Рассмотрим Матрицу корреляции

In [None]:
data.corr()

Увеличим читаемость:

In [None]:
f, ax = plt.subplots(figsize=(10, 8))
corr = data.drop(['Y1','Y2'], axis=1).corr()
sns.heatmap(corr, square=True, ax=ax, cmap=sns.diverging_palette(220, 10, as_cmap=True))
plt.show()

In [None]:
X = data.drop(['Y1','Y2'], axis=1)
y = data['Y1']

Разделите выборку на трейн и тест в соотношении 80/20 (random_state=42): 

In [None]:
X_train, X_test, y_train, y_test = # Ваш код здесь

In [None]:
def my_linear_regression(X_train, Y_train):
    return np.linalg.inv(X_train.T.dot(X_train)).dot(X_train.T).dot(y_train)

def predict(X, w):
    return np.dot(X, w)

In [None]:
w = my_linear_regression(X_train, y_train)
print(w)
y_train_pred = predict(X_train, w)
print('='*10, 'Train', '='*10)
print("MSE: ", mean_squared_error(y_train, y_train_pred))
print("R2: ", r2_score(y_train, y_train_pred))
y_test_pred = predict(X_test, w)
print('='*10, 'Test', '='*10)
print("MSE: ", mean_squared_error(y_test, y_test_pred))
print("R2: ", r2_score(y_test, y_test_pred))

Удалим скоррелированные признаки

In [None]:
X_droped = data.drop(['X1','X4', 'Y1','Y2'], axis=1)
y = data['Y1']
X_train_new, X_test_new, y_train, y_test = train_test_split(X_droped, y, test_size=0.2, random_state=42)

In [None]:
w = my_linear_regression(X_train_new, y_train)
print(w)
y_train_pred = predict(X_train_new, w)
print('='*10, 'Train', '='*10)
print("MSE: ", mean_squared_error(y_train, y_train_pred))
print("R2: ", r2_score(y_train, y_train_pred))
y_test_pred = predict(X_test_new, w)
print('='*10, 'Test', '='*10)
print("MSE: ", mean_squared_error(y_test, y_test_pred))
print("R2: ", r2_score(y_test, y_test_pred))

Применим регуляризацию:

In [None]:
def my_linear_regression(X_train, Y_train, l2=0):
    return np.linalg.inv(X_train.T.dot(X_train) + l2*np.eye(X_train.shape[1])).dot(X_train.T).dot(y_train)

In [None]:
w = my_linear_regression(X_train, y_train, 1)
print(w)
y_train_pred = predict(X_train, w)
print('='*10, 'Train', '='*10)
print("MSE: ", mean_squared_error(y_train, y_train_pred))
print("R2: ", r2_score(y_train, y_train_pred))
y_test_pred = predict(X_test, w)
print('='*10, 'Test', '='*10)
print("MSE: ", mean_squared_error(y_test, y_test_pred))
print("R2: ", r2_score(y_test, y_test_pred))

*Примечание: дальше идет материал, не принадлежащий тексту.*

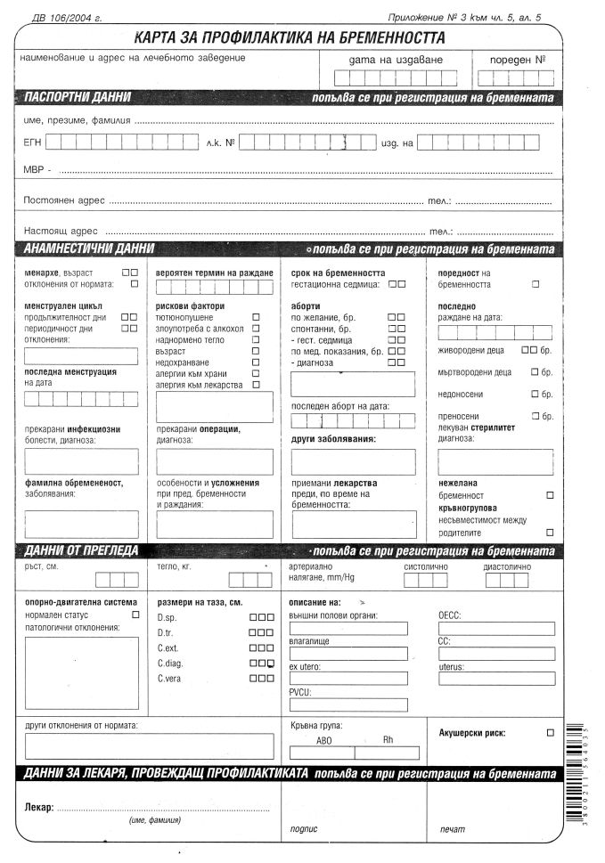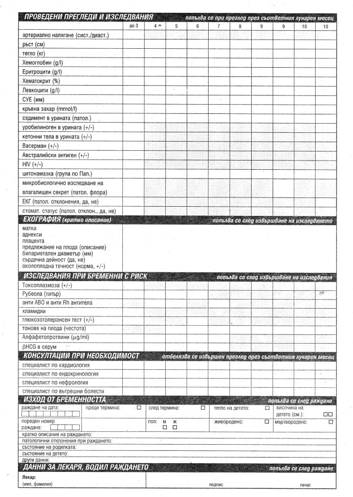 Карта за профилактика на бременноста
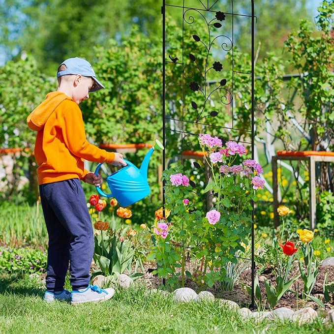LZRS 4 Pack Rustic Iron Arch Decoration Garden Trellis with Black Metal Coating – Perfect for Supporting Climbing Plants Outdoor, Roses, Vines, Flowers, and Vegetables.

# Посмотрим, как внутри sklearn

In [None]:
# Обучите линейную регрессию
linear_model = # Ваш код здесь

print(linear_model.coef_)
y_train_pred = linear_model.predict(X_train)
y_test_pred = linear_model.predict(X_test)

print('='*10, 'Train', '='*10)
print("MSE: ", mean_squared_error(y_train, y_train_pred))
print("R2: ", r2_score(y_train, y_train_pred))
y_test_pred = predict(X_test, w)
print('='*10, 'Test', '='*10)
print("MSE: ", mean_squared_error(y_test, y_test_pred))
print("R2: ", r2_score(y_test, y_test_pred))

In [None]:
# Обучите Ridge класссификатор
linear_model = # Ваш код здесь

print(linear_model.coef_)
y_train_pred = linear_model.predict(X_train)
y_test_pred = linear_model.predict(X_test)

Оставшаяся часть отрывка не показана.